CG73990 - NRCG and the exemptions: Disposals from 6 April 2019: Attribution of gains to other persons
Attribution of gains to members of non-resident companies under TCGA92/S3
TCGA92/S3 contains anti-avoidance legislation, the broad aim of which is to prevent people in the UK from setting up non-resident companies which they control for the purpose of holding assets, to keep gains on those assets outside the scope of CGT and CT. Where S3 applies, it attributes gains realised by non-resident companies (which would be close if UK resident) to UK resident participators in the company (or participators that are non-UK close companies or non-UK resident trustees of a settlement).
To prevent double taxation, S3 does not apply to the part of a gain where the company would otherwise also be subject to a charge to non-resident CG.
Example
A non-UK resident close company disposes of a residential property. The property was acquired in 2010 and disposed of in 2020.
Any part of the overall gain arising on disposal that relates to the period from 6 April 2015 would be within the scope of the non-resident CG rules. S3 would continue to apply to the part of the gain arising before 6 April 2015.
Attribution of gains to settlors with interest in non-resident settlements under TCGA92/S86
TCGA92/S86 serves to prevent people in the UK setting up non-resident trusts to keep gains outside the scope of CGT and CT (see CG38430+).
Where gains accrue to non-resident trusts in respect of any settled property “originating from the settlor”, that would be chargeable gains under TCGA92/S1(3). These gains are attributed to settlors who have an interest in the trust and are chargeable to CGT.

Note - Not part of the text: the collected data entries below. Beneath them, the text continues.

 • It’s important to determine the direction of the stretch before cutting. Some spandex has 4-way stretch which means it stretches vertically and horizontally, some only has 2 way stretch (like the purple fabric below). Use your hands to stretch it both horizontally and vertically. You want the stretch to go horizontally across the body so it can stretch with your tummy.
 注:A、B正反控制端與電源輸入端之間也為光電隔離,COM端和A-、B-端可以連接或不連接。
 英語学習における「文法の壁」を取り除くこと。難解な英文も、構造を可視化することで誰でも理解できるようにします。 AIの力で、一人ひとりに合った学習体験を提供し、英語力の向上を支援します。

Non-resident trustees are taxable on the part of the gain that is within the NRCG provisions i.e. the part that relates to the period after 5 April 2015 (for residential property) or after 5 April 2019 (for non-residential property and indirect disposals).

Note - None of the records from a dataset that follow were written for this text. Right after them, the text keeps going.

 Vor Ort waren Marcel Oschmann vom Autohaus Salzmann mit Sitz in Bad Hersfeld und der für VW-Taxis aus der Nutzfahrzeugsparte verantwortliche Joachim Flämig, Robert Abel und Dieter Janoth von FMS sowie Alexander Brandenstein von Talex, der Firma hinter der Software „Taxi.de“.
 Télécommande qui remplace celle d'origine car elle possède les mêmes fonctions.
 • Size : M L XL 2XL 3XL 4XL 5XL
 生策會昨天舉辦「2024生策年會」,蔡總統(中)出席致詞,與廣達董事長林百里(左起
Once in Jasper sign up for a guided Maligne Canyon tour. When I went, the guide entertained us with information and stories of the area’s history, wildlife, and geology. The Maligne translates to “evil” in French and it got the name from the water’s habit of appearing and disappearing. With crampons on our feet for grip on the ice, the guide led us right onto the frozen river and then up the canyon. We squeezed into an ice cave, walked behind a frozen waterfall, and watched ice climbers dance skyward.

To avoid double taxation the part of a gain caught by the NRCG provisions is excluded from the calculation of the s1(3) amount by s86(4ZA) and is therefore not included in the amount available to be attributed to the settlor.
Attribution of gains to beneficiaries of non-resident settlements under TCGA92/S87
TCGA92/S87 imposes a charge on beneficiaries of non-resident trusts where S86 does not apply (see CG38570+). Gains accruing to non-UK resident trustees (the s1(3) amounts) are treated as chargeable gains accruing to beneficiaries, to the extent that the beneficiaries receive matched capital payments from the trustees.
Non-resident trustees are taxable on the part of the gain that is within the NRCG provisions i.e. the part that relates to the period after 5 April 2015 (for residential property) or after 5 April 2019 (for non-residential property and indirect disposals).
To avoid double taxation the part of a gain caught by the NRCG provisions is excluded from the calculation of the s1(3) amount by s87(5A) and is therefore not included in the amount available to be matched to capital payments.
Transfers of value by trustees, attribution of gains to beneficiaries under TCGA92/Sch 4C
TCGA92/Sch 4C is part of a series of anti-avoidance provisions introduced to counter ‘flip flop’ schemes, involving trustees of a non-resident trust borrowing funds on the value of settled property and making loans to another trust. In broad terms, gains on deemed disposals are attributed to the settlor or else are allocated to beneficiaries in receipt of capital payments (see CG39100+).
To avoid double taxation the part of a gain caught by the NRCG provisions is excluded from the calculation of the chargeable amount by Sch 4C Para 4(3) and is therefore not included in the amount available to be matched to capital payments.